In the ICU, the patient was placed on lorazepam 1 mg IV every 2 hours and an IV dexmedetomidine drip. The dose of dexmedetomidine varied between 0.4 and 1.8 μg/kg/min, as the patient intermittently started pulling at lines. The dose was titrated to the patient’s being calm but awake. The patient was kept in the ICU on dexmedetomidine for 5 days until transport to an external facility for ECT was arranged. The patient was able to be weaned from dexmedetomidine after 2 ECT sessions and discharged home after 6 ECT sessions while at baseline condition.
Case 4
A 23-year-old man with a prior psychiatric history significant only for cannabis and stimulant use disorder was brought to the ED by paramedics for acute mental status changes including aggression and confusion. There, he was severely agitated and actively hallucinating and required physical and medication restraints with IM haloperidol 5 mg and lorazepam 2 mg, with good but transient results. His initial evaluation was significant for a toxicology screening positive only for cannabinoids. All other laboratory values were unremarkable. He did not cooperate with an electrocardiogram (ECG) or neuroimaging tests. Vital signs showed heart rate of 120–140 mm Hg, blood pressure of 130/85 bpm, and respiratory rate of 18 breaths per minute. Physical examination was relevant for dilated and minimally reactive pupils.
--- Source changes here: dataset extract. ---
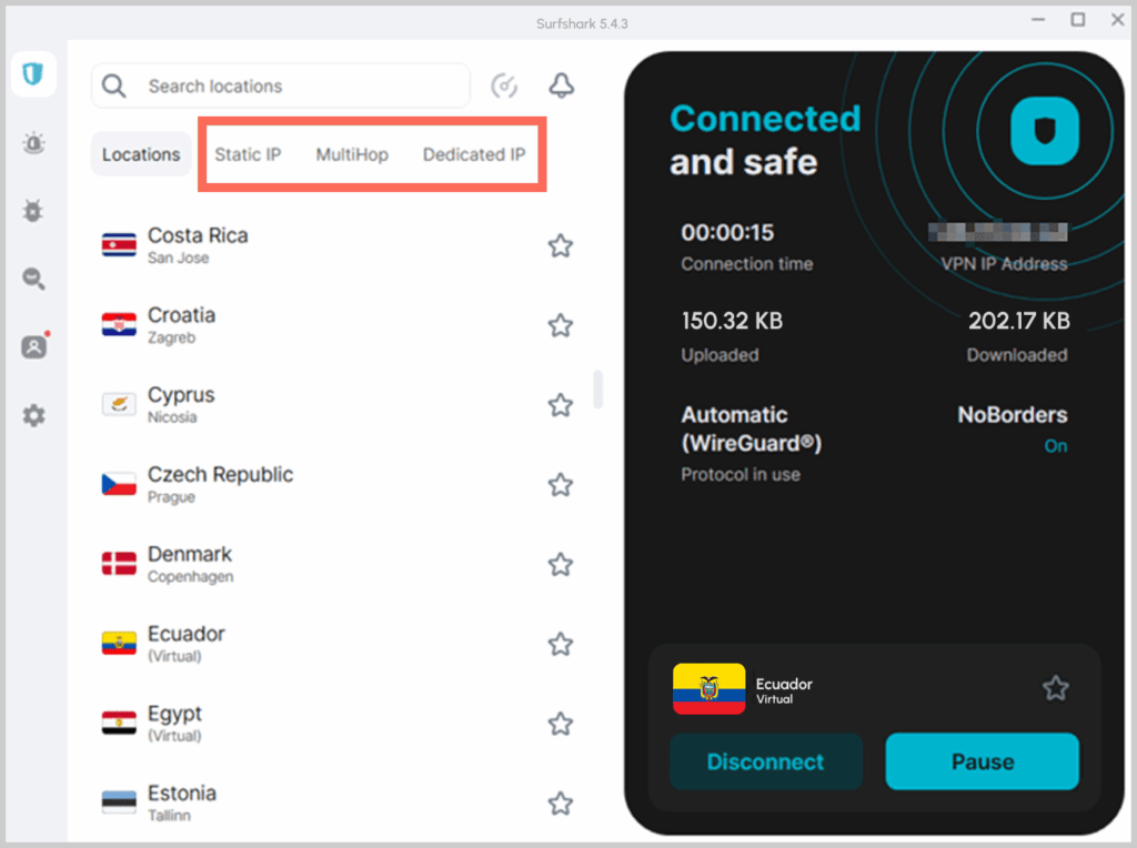 - Zusätzliche Funktionen zur Verbesserung der Privatsphäre (Multi-Hop-Verbindungen (Doppel-VPN) und Zugriff auf Tor)

He was admitted to the inpatient psychiatric unit with a presumptive diagnosis of substance-induced psychosis versus anticholinergic delirium, and he was started on risperidone 0.5 mg twice daily and then increased to 2 mg twice daily, but was mostly noncompliant. He remained combative, uncooperative, and difficult to redirect. His behaviors escalated and started to comprise physical assaults to the nursing staff, and the patient ended up receiving a few as-needed doses of IM haloperidol 5 mg and lorazepam 2 mg, with very short-term benefit. He became increasingly restless and hyperactive and diaphoretic, displaying purposeless movements, echopraxia, stereotypies and mannerisms, and verbigeration. He also showed autonomic instability, with a blood pressure of 150/85 mm Hg and a pulse of 140 bpm. His BFCRS score was 25. All antipsychotics were immediately discontinued, and the patient was subsequently transferred to the ICU for treatment with IV dexmedetomidine, started at a loading dose of 1 μg/kg over 10 minutes followed by an infusion of 1 μg/kg/h. The patient quickly calmed down and allowed for further medical investigation including a head CT scan (unremarkable) and an ECG, which showed a prolonged corrected QT interval (QTc) of 478 ms (reference range, < 450 ms), possibly from exposure to QTc-prolonging agents that were used as an attempt to control his agitation. By the second day in the ICU, his behavior was well-controlled and physical or medication restraints were not required. Vital signs quickly normalized after discontinuation of the offending agents. The patient was started on lorazepam 2 mg 6 times a day, a dose that was gradually tapered down after day 3. He was discharged home on day 5 at his baseline condition. The patient eventually admitted to using an over-the-counter cold medication containing dextromethorphan as well as smoking synthetic marijuana that was likely mixed with other unknown substances at a recreational event 1 day prior to presentation.
Discussion
Numerous acute psychiatric presentations, either from underlying primary mental illness or secondary to medical conditions or substance use, include severe psychomotor agitation that is frequently difficult to contain. Diagnostic clarity in those cases is essential, as treatment options may substantially differ. Among the many possible etiologies, catatonia is an entity that historically has been underrecognized.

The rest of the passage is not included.